Task to complete: Starting at the line with "浴室は保温性の高いシステムバ" and ending at the line with "روابط عمومی معاونت", print exactly the lines of the entries below. Pictures do not belong in the copy.
==== Records shown
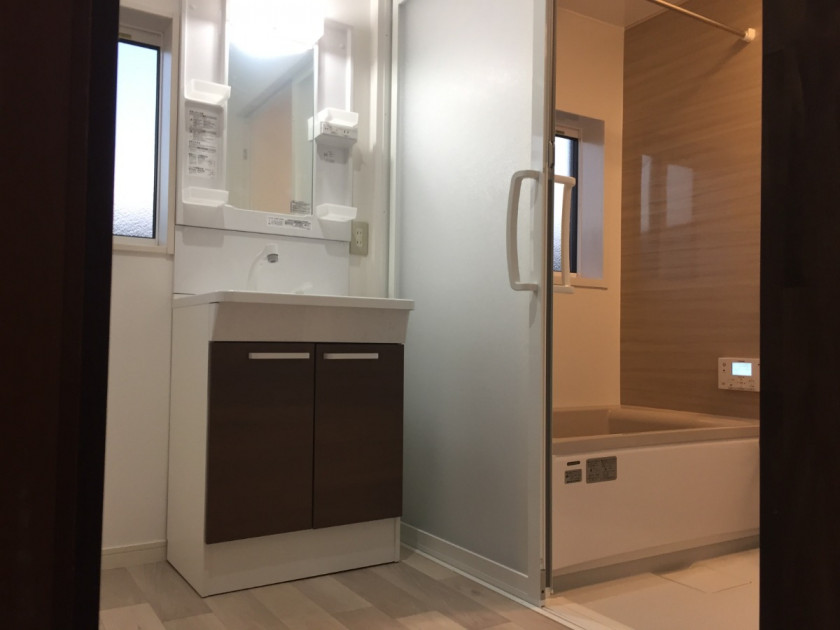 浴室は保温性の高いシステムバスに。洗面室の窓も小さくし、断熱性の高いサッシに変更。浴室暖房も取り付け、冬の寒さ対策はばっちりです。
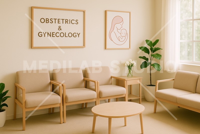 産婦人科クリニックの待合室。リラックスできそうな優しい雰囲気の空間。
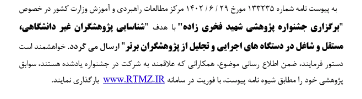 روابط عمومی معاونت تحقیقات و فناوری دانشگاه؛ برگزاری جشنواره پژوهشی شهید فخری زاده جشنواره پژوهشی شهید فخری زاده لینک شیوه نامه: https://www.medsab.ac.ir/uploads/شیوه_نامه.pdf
========
==== Records shown
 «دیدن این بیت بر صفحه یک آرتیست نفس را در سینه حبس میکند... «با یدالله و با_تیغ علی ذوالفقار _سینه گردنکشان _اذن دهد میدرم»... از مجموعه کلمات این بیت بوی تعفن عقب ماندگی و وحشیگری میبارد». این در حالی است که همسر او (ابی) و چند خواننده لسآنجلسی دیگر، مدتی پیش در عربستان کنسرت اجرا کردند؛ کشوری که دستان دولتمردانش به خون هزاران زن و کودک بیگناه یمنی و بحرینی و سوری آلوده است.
========
Answer for this exercise:
 浴室は保温性の高いシステムバスに。洗面室の窓も小さくし、断熱性の高いサッシに変更。浴室暖房も取り付け、冬の寒さ対策はばっちりです。
 産婦人科クリニックの待合室。リラックスできそうな優しい雰囲気の空間。
 روابط عمومی معاونت تحقیقات و فناوری دانشگاه؛ برگزاری جشنواره پژوهشی شهید فخری زاده جشنواره پژوهشی شهید فخری زاده لینک شیوه نامه: https://www.medsab.ac.ir/uploads/شیوه_نامه.pdf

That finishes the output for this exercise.